Directions: Filter the listing below, keeping every line that holds "llac".

[Start of Attachment]

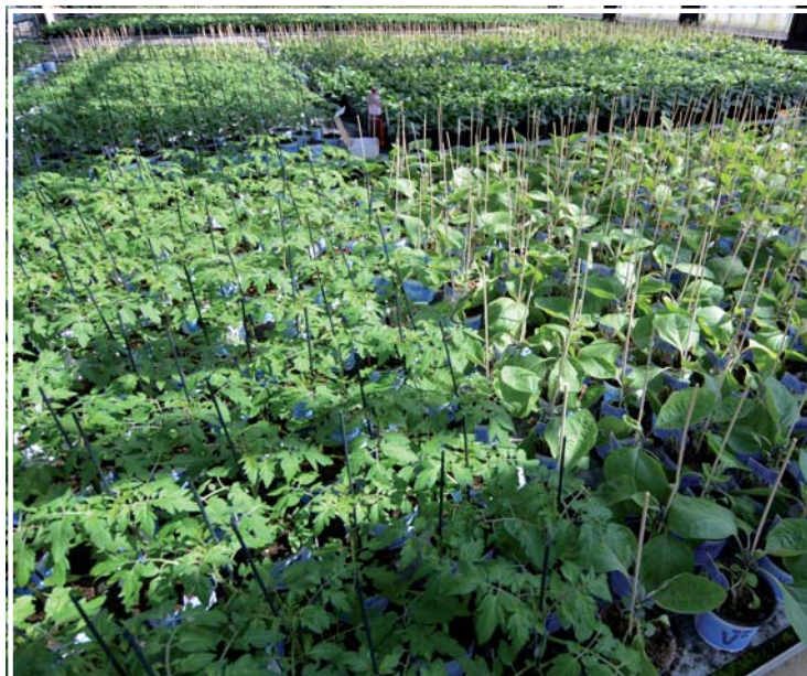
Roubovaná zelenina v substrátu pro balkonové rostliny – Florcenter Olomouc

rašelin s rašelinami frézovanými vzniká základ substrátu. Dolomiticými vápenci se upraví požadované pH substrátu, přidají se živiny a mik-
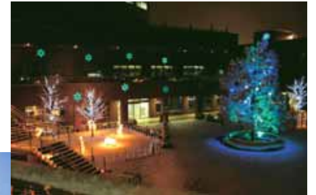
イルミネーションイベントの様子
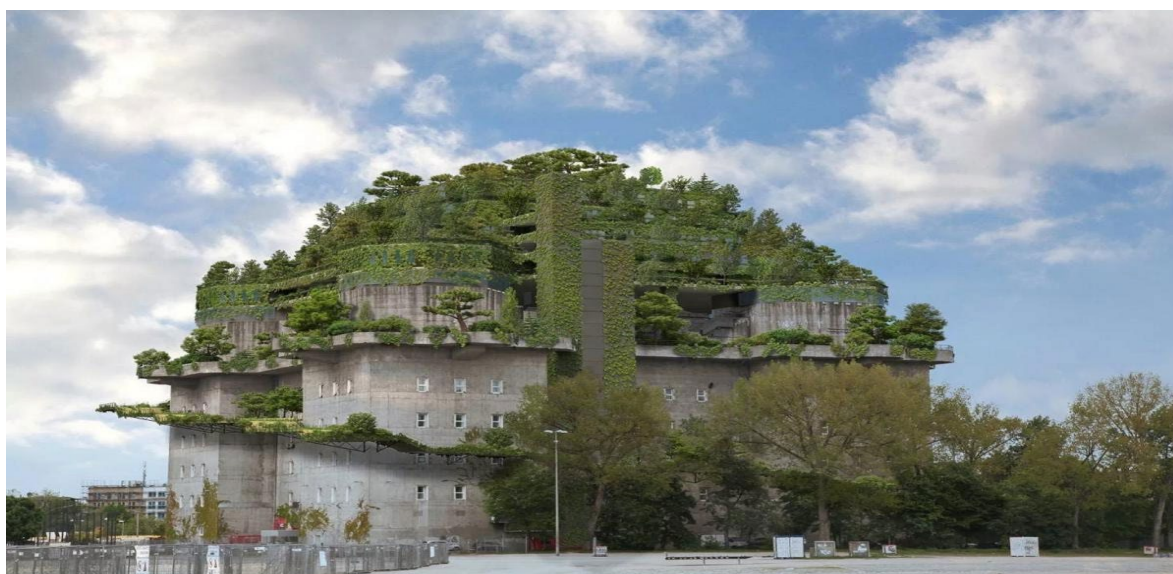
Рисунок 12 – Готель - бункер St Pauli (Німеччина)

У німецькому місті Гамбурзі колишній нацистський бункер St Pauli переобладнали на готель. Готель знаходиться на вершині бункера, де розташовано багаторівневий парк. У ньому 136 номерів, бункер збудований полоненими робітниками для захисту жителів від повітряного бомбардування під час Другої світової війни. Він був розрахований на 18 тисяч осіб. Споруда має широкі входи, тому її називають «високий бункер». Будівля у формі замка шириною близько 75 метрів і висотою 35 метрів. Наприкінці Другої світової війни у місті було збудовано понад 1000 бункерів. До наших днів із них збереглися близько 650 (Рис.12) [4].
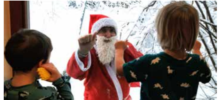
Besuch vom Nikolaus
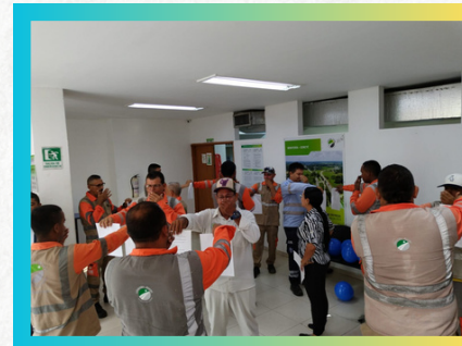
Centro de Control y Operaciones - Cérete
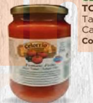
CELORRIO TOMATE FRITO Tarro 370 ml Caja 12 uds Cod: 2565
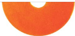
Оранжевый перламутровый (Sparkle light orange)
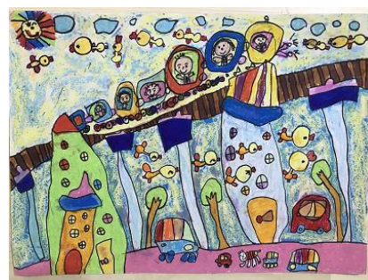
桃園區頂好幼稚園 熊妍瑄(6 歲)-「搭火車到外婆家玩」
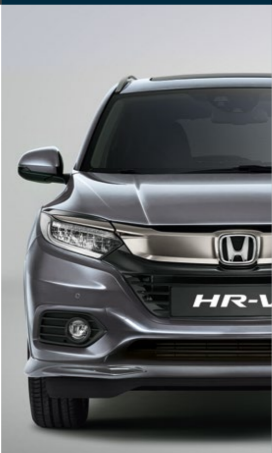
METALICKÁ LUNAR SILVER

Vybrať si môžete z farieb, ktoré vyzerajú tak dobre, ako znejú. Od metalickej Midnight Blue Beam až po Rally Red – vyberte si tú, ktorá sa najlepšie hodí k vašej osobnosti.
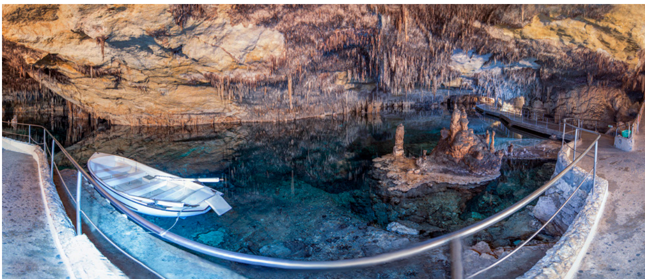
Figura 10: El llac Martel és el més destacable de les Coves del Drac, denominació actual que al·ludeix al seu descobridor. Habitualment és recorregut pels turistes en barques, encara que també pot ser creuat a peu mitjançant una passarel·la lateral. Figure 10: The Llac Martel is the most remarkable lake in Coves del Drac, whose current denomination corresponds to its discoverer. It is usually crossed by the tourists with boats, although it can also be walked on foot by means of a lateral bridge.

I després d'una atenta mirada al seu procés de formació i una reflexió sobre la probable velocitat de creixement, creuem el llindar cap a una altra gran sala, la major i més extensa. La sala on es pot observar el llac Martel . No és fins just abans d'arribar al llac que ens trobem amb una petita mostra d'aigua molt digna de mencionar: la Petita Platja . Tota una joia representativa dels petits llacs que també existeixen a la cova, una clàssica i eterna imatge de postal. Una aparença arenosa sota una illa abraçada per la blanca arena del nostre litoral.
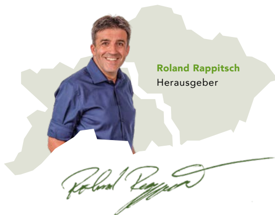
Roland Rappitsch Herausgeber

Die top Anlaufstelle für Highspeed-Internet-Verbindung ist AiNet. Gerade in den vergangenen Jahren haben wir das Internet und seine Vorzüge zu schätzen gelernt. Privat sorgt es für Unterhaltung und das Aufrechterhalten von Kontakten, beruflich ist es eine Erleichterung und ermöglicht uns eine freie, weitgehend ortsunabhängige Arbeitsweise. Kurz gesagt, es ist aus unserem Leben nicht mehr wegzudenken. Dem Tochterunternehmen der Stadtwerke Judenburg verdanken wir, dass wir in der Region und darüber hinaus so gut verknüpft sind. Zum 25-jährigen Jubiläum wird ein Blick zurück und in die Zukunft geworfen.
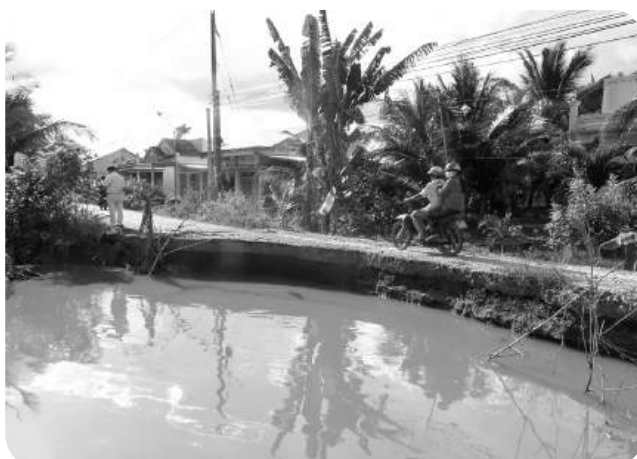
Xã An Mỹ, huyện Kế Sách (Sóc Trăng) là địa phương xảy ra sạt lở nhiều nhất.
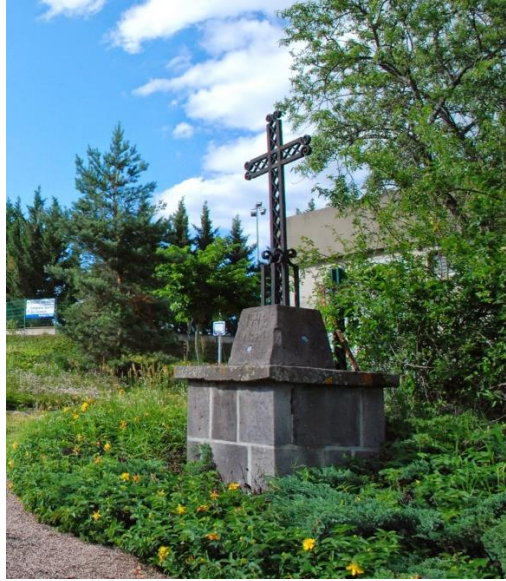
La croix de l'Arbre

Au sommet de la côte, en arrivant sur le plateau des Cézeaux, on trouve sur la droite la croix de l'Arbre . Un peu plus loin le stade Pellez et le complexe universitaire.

[End of Attachment]

Solved problem:
Figura 10: El llac Martel és el més destacable de les Coves del Drac, denominació actual que al·ludeix al seu descobridor. Habitualment és recorregut pels turistes en barques, encara que també pot ser creuat a peu mitjançant una passarel·la lateral. Figure 10: The Llac Martel is the most remarkable lake in Coves del Drac, whose current denomination corresponds to its discoverer. It is usually crossed by the tourists with boats, although it can also be walked on foot by means of a lateral bridge.
I després d'una atenta mirada al seu procés de formació i una reflexió sobre la probable velocitat de creixement, creuem el llindar cap a una altra gran sala, la major i més extensa. La sala on es pot observar el llac Martel . No és fins just abans d'arribar al llac que ens trobem amb una petita mostra d'aigua molt digna de mencionar: la Petita Platja . Tota una joia representativa dels petits llacs que també existeixen a la cova, una clàssica i eterna imatge de postal. Una aparença arenosa sota una illa abraçada per la blanca arena del nostre litoral.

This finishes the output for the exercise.